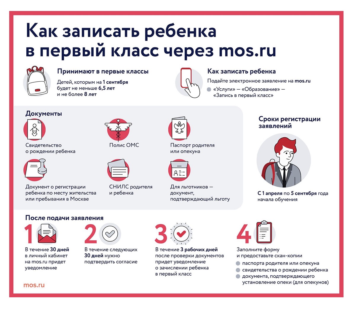 С 1 апреля на портале mos.ru стартовала запись в первый класс на 2026 год. Услуга стала ещё удобнее: ✅ Что нового: доработан дизайн и пошаговый процесс подачи заявления — всё легко и быстро. ✅ Сроки: с 1 апреля до 5 сентября 2026 года. ✅ Популярность услугой: более 933 тысяч раз воспользовались родители (данные Департамента информационных технологий). ✅ Выбор школы: в заявлении можно указать до трёх школ — одну по прописке, две любые другие. ✅ Что нужно для подачи: свидетельство о рождении, СНИЛС ребёнка и свой, паспорт заявителя и др. документы. ✅ Срок проверки: до 30 календарных дней после регистрации заявления. 📞 Вопросы: — Горячая линия: +7 495 530‑71‑71 — Email: infodo@edu.mos.ru Подробнее о нацпроектах: https://www.mos.ru/city/projects/national/ #ВАО #Соколинаягора #Зачислениевшколу #Mos.ru
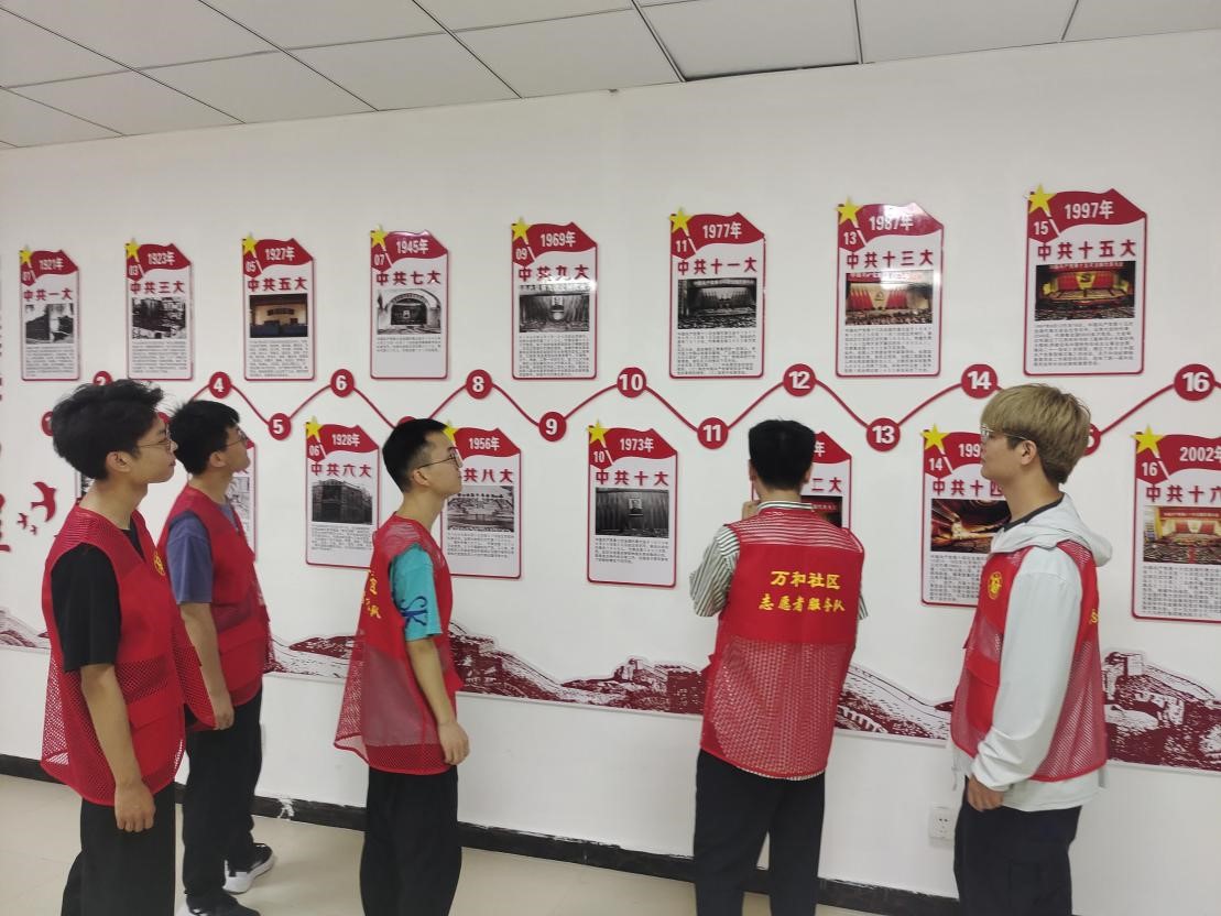 下午,实践小队在万和城社区党群服务中心学习了党的精神,深入了解了党的历史、理论、路线、方针、政策等内容,增强了对党的信仰和忠诚。实践小队还参观了万和城社区的建设情况,赞扬了社区的环境优美、设施完善、服务周到、管理规范等特点。实践小队还主动参与了社区的卫生清扫工作,用实际行动为社区贡献自己的力量。
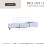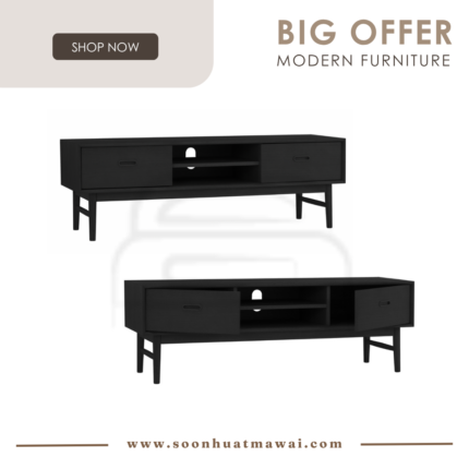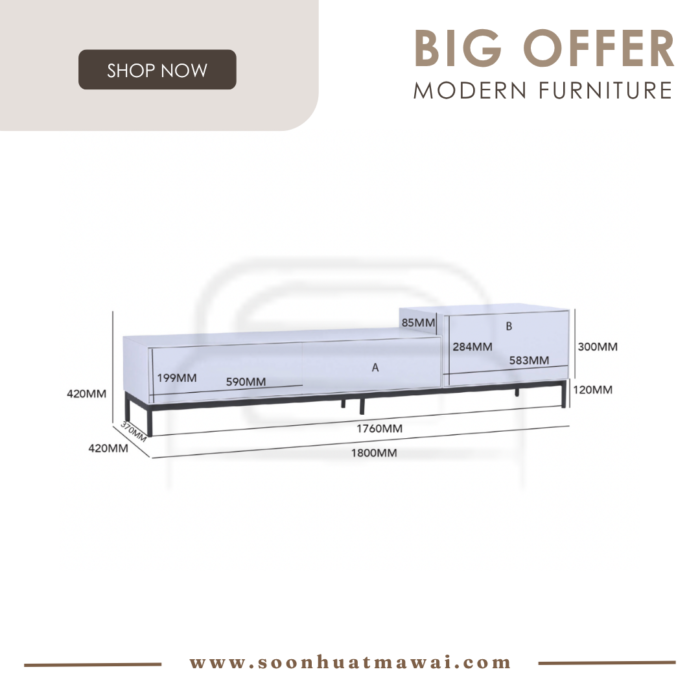 Lowell 1.8M TV Cabinet in White colour body with Matt Black Epoxy leg
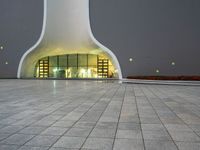 This stock photo features a modern building with a white facade illuminated at night in Taichung, Taiwan. The building stands out with its contemporary architecture design. In the foreground, there is a small paved area that adds to the overall appeal. The city of Taichung, located in Taiwan, is known for its remarkable modern architectural landmarks, and this building is a great example. This image can be used to illustrate the beauty of modern architecture in Taiwan or to depict the vibrant cityscape of Taichung at night.
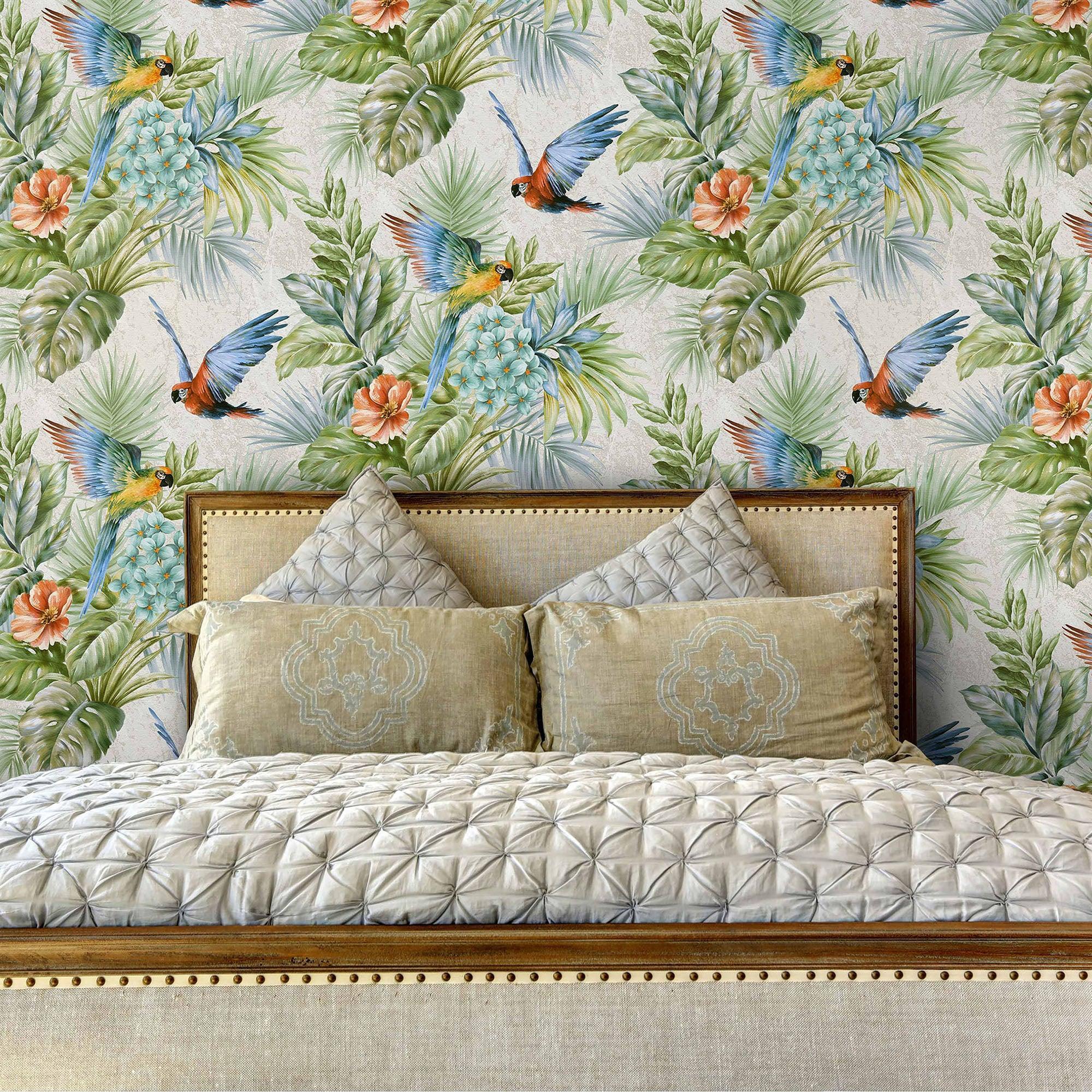 Transform your space with the enchanting beauty of our deep embossed tropical birds wallpaper. This stunning wallpaper features vivid and colorful parrots amidst a lush floral avian paradise, creating a botanical haven in your home. With a nature-inspired design, it brings the charm of exotic birds and vibrant flowers to your living space, evoking the feeling of a tropical forest in the heart of spring and summer. This contemporary wallpaper captures the essence of a jungle bird's world, with naturalistic and whimsical details that will mesmerize. Choose from color options including white, cream, multi-color, and black to match your unique style. Experience the allure of the tropics in the comfort of your home with this captivating wallpaper.
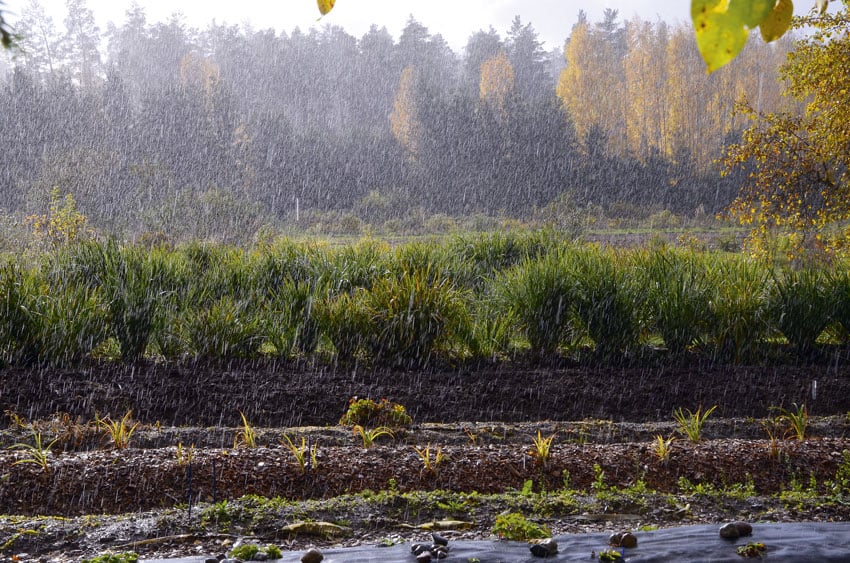 Sitten vain odotellaan ja pidetään pientä hermopeliä talventulon kanssa. Yleensä Etelä-Suomessa päästään näin vähintään lokakuun lopulle, jopa reilusti marraskuun puolelle. Välillä voi tulla kylmiä päiviä ja sataa luntakin, mutta maa ei lehtikerroksen alla hevin jäädy, ei edes kohmetu. Vasta kun lämpötila alkaa olla yötä päivää miinuksella, otetaan talikko esiin ja kaivetaan juurakot turvaan.
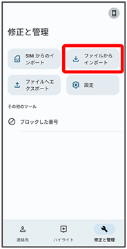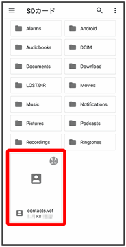 SDカードに保存(バックアップ)した連絡先データを読み込み(インポート)できます。
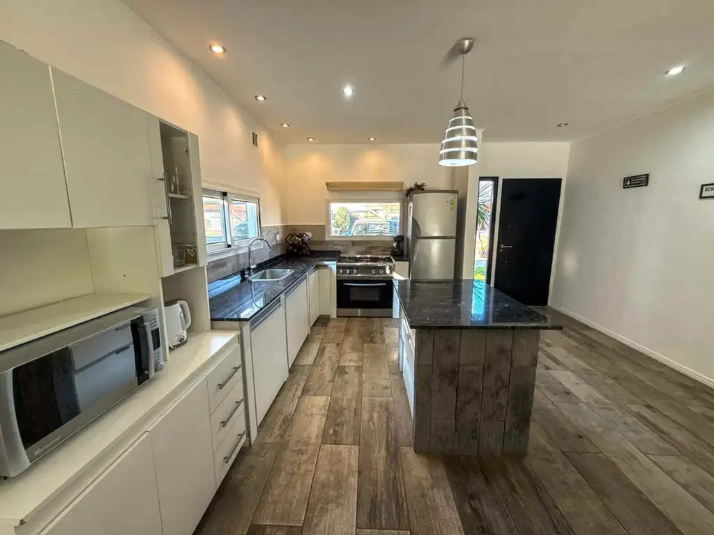 Al ingresar, la cocina con isla se integra armoniosamente al living comedor, creando un ambiente acogedor y funcional. Desde allí, se accede al jardín, donde podrás disfrutar de agradables momentos en familia o con amigos, junto a la pileta y la galería con parrilla.

────────────────

Restate the data above word for word, omitting every picture.

### ANSWER FOR THIS EXERCISE
 С 1 апреля на портале mos.ru стартовала запись в первый класс на 2026 год. Услуга стала ещё удобнее: ✅ Что нового: доработан дизайн и пошаговый процесс подачи заявления — всё легко и быстро. ✅ Сроки: с 1 апреля до 5 сентября 2026 года. ✅ Популярность услугой: более 933 тысяч раз воспользовались родители (данные Департамента информационных технологий). ✅ Выбор школы: в заявлении можно указать до трёх школ — одну по прописке, две любые другие. ✅ Что нужно для подачи: свидетельство о рождении, СНИЛС ребёнка и свой, паспорт заявителя и др. документы. ✅ Срок проверки: до 30 календарных дней после регистрации заявления. 📞 Вопросы: — Горячая линия: +7 495 530‑71‑71 — Email: infodo@edu.mos.ru Подробнее о нацпроектах: https://www.mos.ru/city/projects/national/ #ВАО #Соколинаягора #Зачислениевшколу #Mos.ru
 下午,实践小队在万和城社区党群服务中心学习了党的精神,深入了解了党的历史、理论、路线、方针、政策等内容,增强了对党的信仰和忠诚。实践小队还参观了万和城社区的建设情况,赞扬了社区的环境优美、设施完善、服务周到、管理规范等特点。实践小队还主动参与了社区的卫生清扫工作,用实际行动为社区贡献自己的力量。
 Lowell 1.8M TV Cabinet in White colour body with Matt Black Epoxy leg
 This stock photo features a modern building with a white facade illuminated at night in Taichung, Taiwan. The building stands out with its contemporary architecture design. In the foreground, there is a small paved area that adds to the overall appeal. The city of Taichung, located in Taiwan, is known for its remarkable modern architectural landmarks, and this building is a great example. This image can be used to illustrate the beauty of modern architecture in Taiwan or to depict the vibrant cityscape of Taichung at night.
 Transform your space with the enchanting beauty of our deep embossed tropical birds wallpaper. This stunning wallpaper features vivid and colorful parrots amidst a lush floral avian paradise, creating a botanical haven in your home. With a nature-inspired design, it brings the charm of exotic birds and vibrant flowers to your living space, evoking the feeling of a tropical forest in the heart of spring and summer. This contemporary wallpaper captures the essence of a jungle bird's world, with naturalistic and whimsical details that will mesmerize. Choose from color options including white, cream, multi-color, and black to match your unique style. Experience the allure of the tropics in the comfort of your home with this captivating wallpaper.
 Sitten vain odotellaan ja pidetään pientä hermopeliä talventulon kanssa. Yleensä Etelä-Suomessa päästään näin vähintään lokakuun lopulle, jopa reilusti marraskuun puolelle. Välillä voi tulla kylmiä päiviä ja sataa luntakin, mutta maa ei lehtikerroksen alla hevin jäädy, ei edes kohmetu. Vasta kun lämpötila alkaa olla yötä päivää miinuksella, otetaan talikko esiin ja kaivetaan juurakot turvaan.
 SDカードに保存(バックアップ)した連絡先データを読み込み(インポート)できます。
 Al ingresar, la cocina con isla se integra armoniosamente al living comedor, creando un ambiente acogedor y funcional. Desde allí, se accede al jardín, donde podrás disfrutar de agradables momentos en familia o con amigos, junto a la pileta y la galería con parrilla.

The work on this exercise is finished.